One of the purest examples of the noir resurgence of the 70s, The Parallax View suggests the necessary classic-period conditions of terrifying isolation, fear and malevolent (but impersonal) external forces without any nods to borrowed convention or rear-view self-referentiality. Less homage than incarnation, it’s as organic an expression of its own period’s anxieties as postwar film noir was of its day. While it’s true the narrative circumstances – of a man trapped by fate – and the style – an enveloping world of shadows – are as elementary noir as it gets, the affiliation here is based in a shared conviction that the world turns according to plans and forces that can neither be stopped nor avoided.
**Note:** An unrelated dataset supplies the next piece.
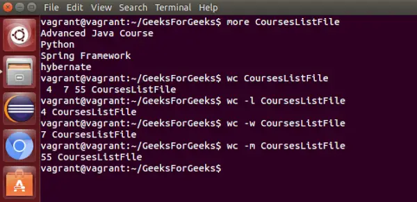 - toalett : Används för att räkna antalet tecken, ord i en fil.

The open question at the end – surely one of the bleakest in a decade of bleak ends – is whether Frady ever really had any agency at all, or if everything was all part of the Parallax plan.
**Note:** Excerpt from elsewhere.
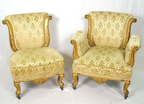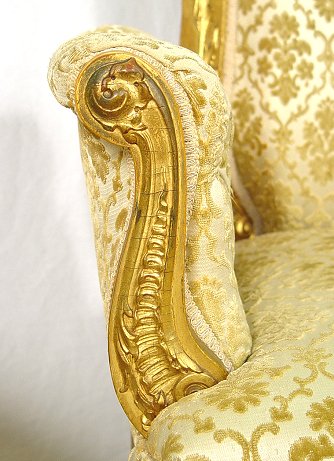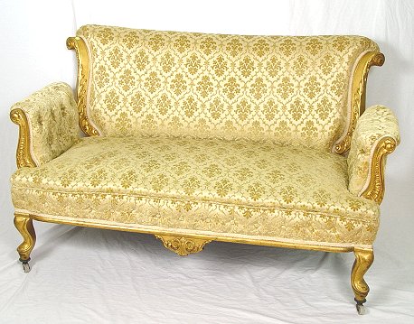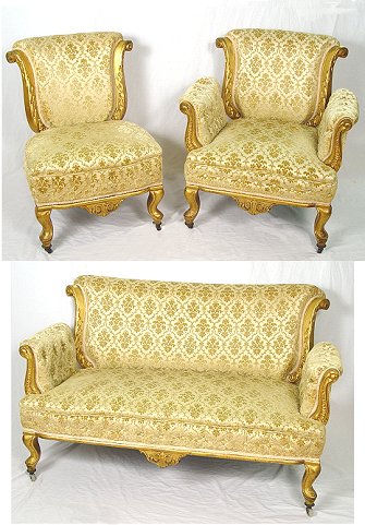 19TH C 3 PC GOLD GILT PARLOR SUITE: Lovely scrolling design with gold gilt to the wood trim, matching gold brocade upholstery. Settee 55''w., side chair 23''w., arm chair 31''w., all pieces 31''h.

One of the most remarkable, not to mention currently unthinkable, indications of the movie’s hard-wiring to both its moment and its condition is the use of its star. While featuring one of the most marketable marquee names of its day, The Parallax View stresses Beatty’s ultimate dispensability from the moment he appears in the background of the crowd gathered at the Space Needle. Lacking the credentials to gain access to the event, Beatty’s Frady is subliminally positioned as a disenfranchised outsider from the outset. Apart from the anonymous woman spotted in his living room when Prentiss arrives to appeal for his help, Frady seems to have no personal affiliations with anyone except his editor, and it is part of the movie’s overall strategy of incremental disorientation to nudge the character constantly toward the edge and away from all connections to that business-as-usual America glimpsed and heard carrying on in the background. He seems almost always alone except when meeting with Cronyn or being vetted by the Parallax Corporation’s unnervingly calm field representative (Walter McGinn), and the tactical requirements of being an ‘undercover’ investigative journalist only ensure that he’s perilously adrift and ripe for plucking.
While Willis’s ravishing cinematography most strikingly emphasizes the emptiness of space and Frady’s marginality in it, the entire design of the movie is directed toward the gradual disappearance of its protagonist into the gathering dark. From the moment he sits in that distant chair to watch the assassin’s recruitment film, a vaguely recognizable blip in the centre of the screen, Frady is lost to us and himself. In the end that blackness closes in, sealed with an official stamp of Congressional insistence that what we’ve just witnessed didn’t really happen.